Frequently Asked Questions
Warum wurde das Bild nicht schon früher zurückgegeben?
Weil die Identität des Bildes bis 2023 unbekannt war. Die Erben der Familie Klein wussten nicht, ob es überhaupt existierte. Erst nach der Authentifizierung durch Alfred Weidinger und der Identifizierung der Provenienz konnte eine Restitutionsvereinbarung mit dem jetzigen Besitzer geschlossen werden – und das erst im Februar 2024. Die Ungarn behaupten nun, das Bild sei nach 1938 in ihrem Gebiet gewesen – aber ohne Dokumente, die das beweisen.
Ist Ungarns Anspruch rechtlich haltbar?
Nein – zumindest nicht nach den Washingtoner Prinzipien, die auch Österreich unterzeichnet hat. Diese verlangen klare, dokumentierte Provenienz vor 1938, um einen Anspruch auf Rückgabe zu rechtfertigen. Ungarn kann nicht nachweisen, dass das Bild jemals in seinem Gebiet war – geschweige denn, dass es dort rechtmäßig verblieb. Die Expertin Dr. Baresel-Brand nennt den Anspruch "rechtlich tückisch, aber faktisch unbegründet".
Was passiert, wenn Ungarn gewinnt?
Dann könnte jedes Land Kunstwerke zurückfordern, die jemals über seine Grenzen kamen – egal wie lange her. Das würde den internationalen Kunsthandel lahmlegen. Sammler würden ihre Werke nicht mehr verkaufen, Banken würden keine Kredite mehr geben, Auktionen würden abgesagt. Österreichs Kunstmarkt könnte jährlich über 500 Millionen Euro verlieren – das ist die Prognose der Galeristen.
Warum ist die Rolle der Wiener Galerie so entscheidend?

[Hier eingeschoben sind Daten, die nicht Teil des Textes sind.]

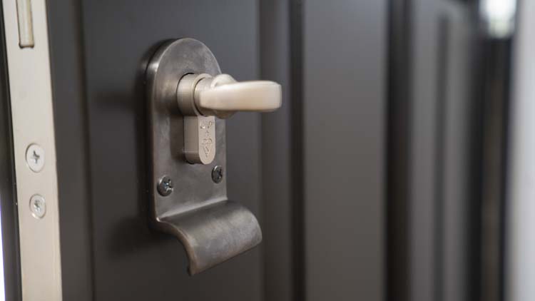 For the door furniture, they selected a black escutcheon plate finger pull for their slam shut door with a matching letter plate. All the timber door come with high- security German locking mechanisms as standard these locks are made by a company called Winkhaus.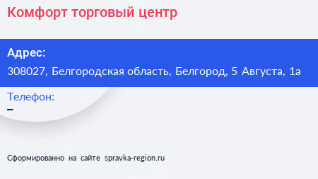 Комфорт, торговый центр по адресу 308027, Белгородская область, Белгород, 5 Августа, 1а в дальнейшем Организация, размещена в следующих категориях: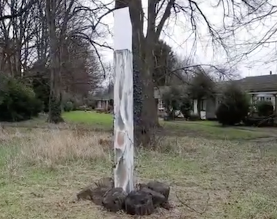 “I don’t know where the power is coming from for the lights,” Wells added. “There are some sliced tree trunks around the base but I’ve got a bad back so I’m not going to be lifting those to find out.”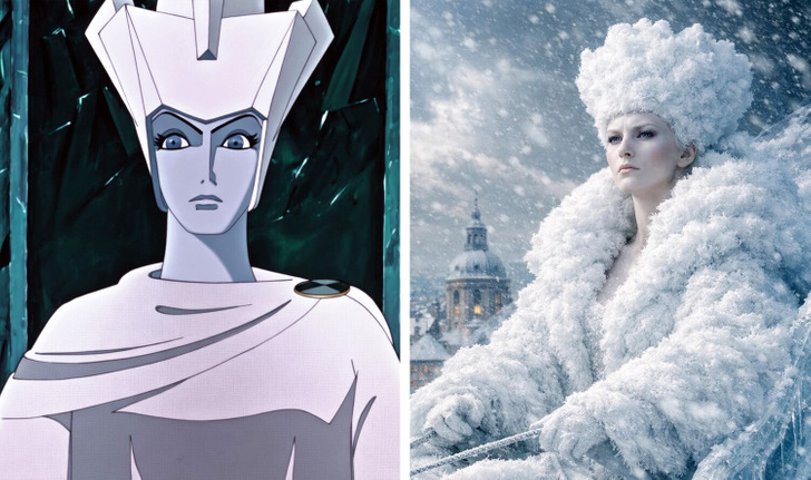 Образ холодной королевы в ледяном венце из мультика 1957-го года мы отлично помним. Но в оригинальной сказке Андерсена Снежная королева описана как высокая, стройная, ослепительно-белая женщина в шубе и шапке из снега, которая летает по ночным городским улицам, окруженная густым роем снежинок и заглядывает в окошки, которые покрываются ледяными узорами, словно цветами.

Weil sie das Werk als erstes authentifiziert hat – und weil sie es legal erworben und zum Verkauf vorbereitet hatte. Die Galerie Wienerroither & Kohlbacher hat keine Verbindung zur illegalen Ausfuhr. Sie ist die Institution, die die Provenienz nachvollziehbar gemacht hat. Wenn sie nun für den Verlust verantwortlich gemacht wird, wird niemand mehr risikobereit sein, verlorene Werke zu recherchieren – und das wäre der größte Verlust für die Erinnerungskultur.

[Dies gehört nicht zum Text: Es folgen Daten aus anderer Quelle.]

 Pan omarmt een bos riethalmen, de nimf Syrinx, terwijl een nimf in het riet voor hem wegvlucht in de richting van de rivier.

Warum ist das Bild so wertvoll?
Nicht nur wegen der Malerei – sondern wegen der Geschichte. Es ist eines der wenigen Porträts Klimts, das einen afrikanischen Adligen zeigt – ein Zeugnis der globalen Verbindungen seiner Zeit. Außerdem ist es ein seltener Fall von NS-Raubkunst, der nach über 85 Jahren wieder aufgetaucht ist. Der künstlerische Wert ist hoch, der historische Wert unermesslich. Und das macht es zu einem Symbol – nicht nur für Wien, sondern für ganz Europa.

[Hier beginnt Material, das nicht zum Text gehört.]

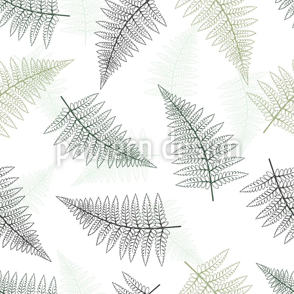| Beschreibung | Ein leichtes und luftiges Muster mit zarten Strichzeichnungen von Farnblättern, die über einen klaren Hintergrund verstreut sind. | ||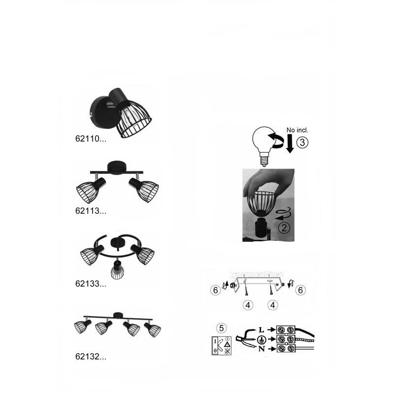 • 3 x E14 lamphållere (exkl. ljuskällor)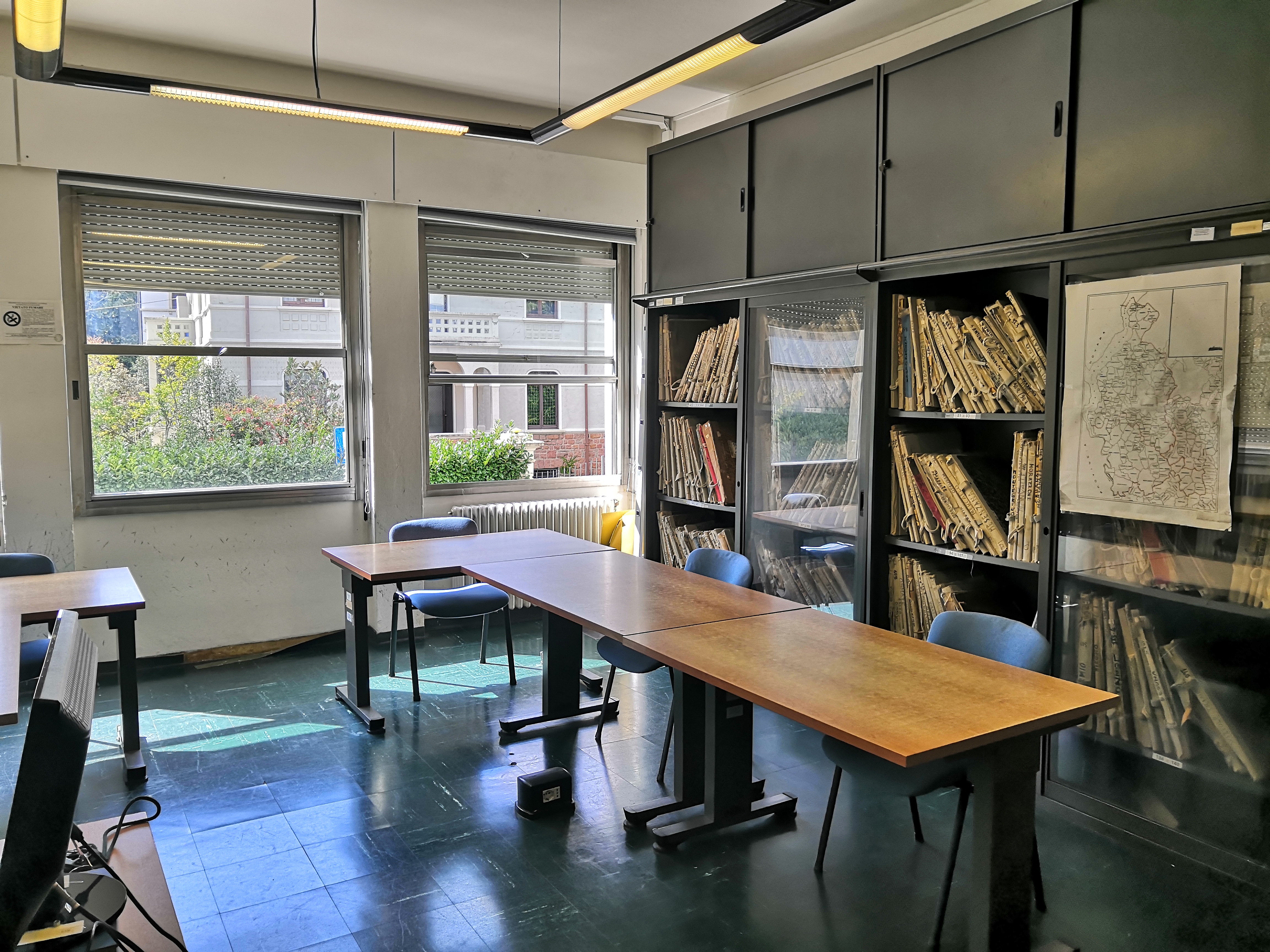 La Biblioteca viene utilizzata anche per la consultazione delle mappe appartenenti al fondo Catasto teresiano, digitalizzate per la massima parte mediante il Progetto Area virtuale. I locali di deposito sono ubicati in un piano seminterrato, in un piano rialzato e nel primo, secondo e terzo piano dell'edificio.

Wird das Bild jemals wieder verkauft?
Das hängt von der Entscheidung der Wiener Staatsanwaltschaft bis zum 15. Dezember 2024 ab. Wenn die Restitutionsvereinbarung mit den Erben der Familie Klein aufrechterhalten wird, könnte das Bild in ein Museum nach Wien oder Berlin kommen – oder in den Besitz der Familie übergehen. Falls Ungarn gewinnt, könnte es nach Budapest wandern. Ein Verkauf ist unwahrscheinlich – denn wer würde ein solches Werk kaufen, wenn sein Eigentum rechtlich unsicher ist?